Unless you recently took up residence underneath a rock, you were privy to the UFC’s press conference earlier this week where they announced the official fight card for its first-ever event at Madison Square Garden.
The lineup for UFC 205 next month is as impressive as it gets – befitting of an event taking place at the “World’s Most Famous Arena” for the very first time. Fans have three title fights to look forward to, including a main event of champion vs. champion as featherweight champion Conor McGregor faces lightweight champion Eddie Alvarez for Alvarez’s belt. But although a total of four champions will compete at UFC 205, the biggest champion in the UFC (literally) won’t be on the card, even though his next fight is one that we should also see on the big stage.
If you’ve been living under that rock for a lot longer, then you may have missed the UFC’s last pay-per-view offering, UFC 203, and the absolute demolition by UFC heavyweight champion Stipe Miocic of Alistair Overeem, a fighter seen by many as the best heavyweight in the world. Miocic effectively snatched that crown away from Overeem with his performance.
So who should Miocic face next? That’s easy. A former heavyweight champion who, like many other current and former UFC heavyweight champions, was often referred to as “The Baddest Man on the Planet” – Cain Velasquez.
Velasquez is currently second in the UFC’s heavyweight rankings, behind another former champion, Fabricio Werdum. Miocic knocked out Werdum in the first round at UFC 198 in May to win the heavyweight title, and Werdum has yet to receive his rematch. But this is where Werdum’s and Velasquez’s paths cross, and yet another UFC heavyweight is playing a role in why Velasquez deserves the next shot at the title over Werdum.

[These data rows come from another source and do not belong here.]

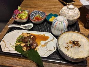 鵝肝本身夠大塊,仲有成兩塊咁多,我同小寶一人一塊都食得好過癮。我完全係將鵝肝流落去嘅油,撈勻成個飯咁樣去食,真係爽歪歪。小寶嘅和牛定食都唔弱,每一粒都好人牛味,仲有蒜片伴碟,食落有日本嘅感覺。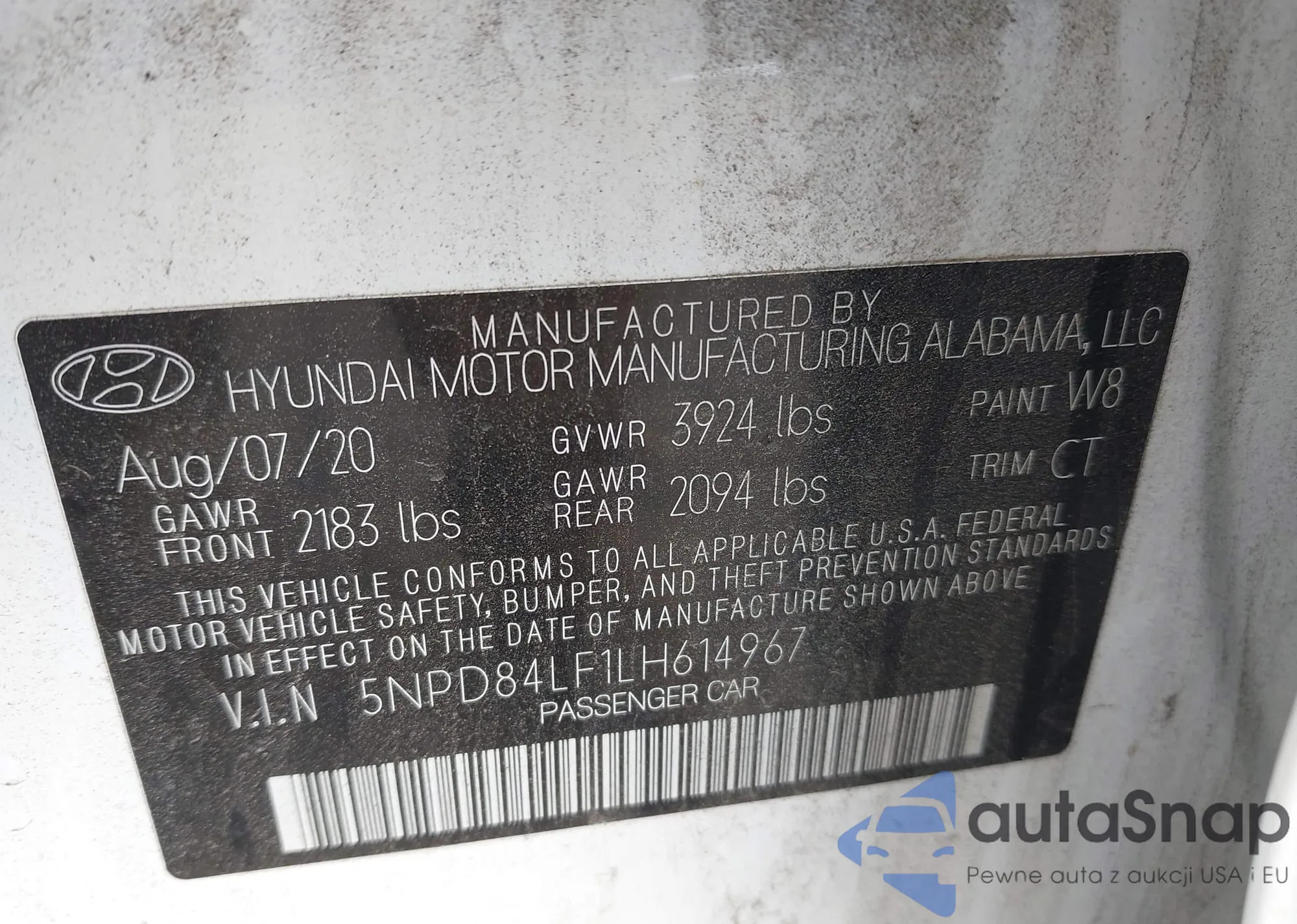 • VIN 5NPEB4AC4BH199849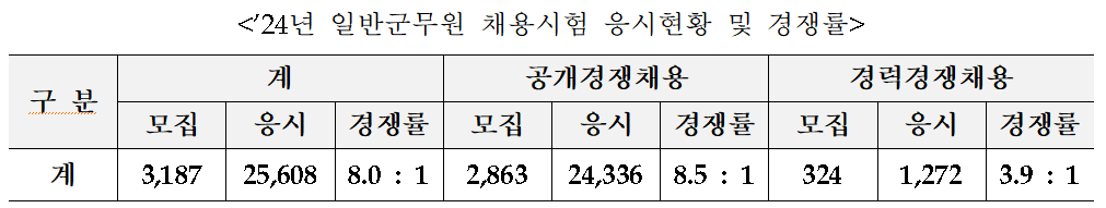 공개경쟁채용의 경우 2,863명 선발에 24,336명이 지원하여 8.5대 1의 평균 경쟁률을 보였고, 경력경쟁채용은 324명 선발에 1,272명이 지원하여 평균 3.9대 1의 경쟁률을 기록했다.

Are you still with me? Good. Try to pay attention. Werdum and Velasquez have an opponent in common from their last fights – Travis Browne. Velasquez knocked out Browne in rather brutal fashion at UFC 200. Werdum just defeated Browne at UFC 203, by unanimous decision. If you decide to use a common opponent to determine the next heavyweight title contender, then it’s clear that Velasquez is the choice.
But as I said before, Werdum hasn’t received his rematch against Miocic. Werdum went on record as saying that prior to his loss to Miocic, he was distracted leading up to the fight, since UFC 198 took place in his native Brazil and he dealt with all the attention that comes with it. Of course, he’s not the first champion to deal with an abundance of media attention before a fight; just look no further than McGregor or Ronda Rousey, for starters.
While there is something to be said for a champion receiving a rematch if he/she loses his/her belt, a fight between Miocic and Velasquez presents a fresh, compelling heavyweight matchup that hasn’t been seen since what, Velasquez’s first fight against Junior Dos Santos on the very first UFC on Fox card in 2011?
On paper, it may appear that Miocic would have the advantage. He’s probably the best hard-hitting heavyweight in all of the UFC, if not the hardest hitter period in all of mixed martial arts. Don’t believe me? Ask Overeem how hard Miocic hits. Plus, Miocic has a 3-inch height advantage over Velasquez.
But there was a reason that before Velasquez started battling multiple injuries over the last few years, he was considered not only the best heavyweight fighter in the world, but maybe the pound-for-pound best fighter, period. His cardio is unparalleled. His striking is second to none and despite his smaller height for a heavyweight, Velasquez still hits like a ton of bricks. He was a collegiate wrestler as well, and Miocic has yet to really be tested on the ground in his UFC career.
Although the heavyweight division is home to the UFC’s largest fighters, it really hasn’t had a champion that moved the needle since Brock Lesnar. While smaller fighters like McGregor and Rousey are the ones taking the UFC to the next level, pitting Miocic and Velasquez against each other can also guarantee big business.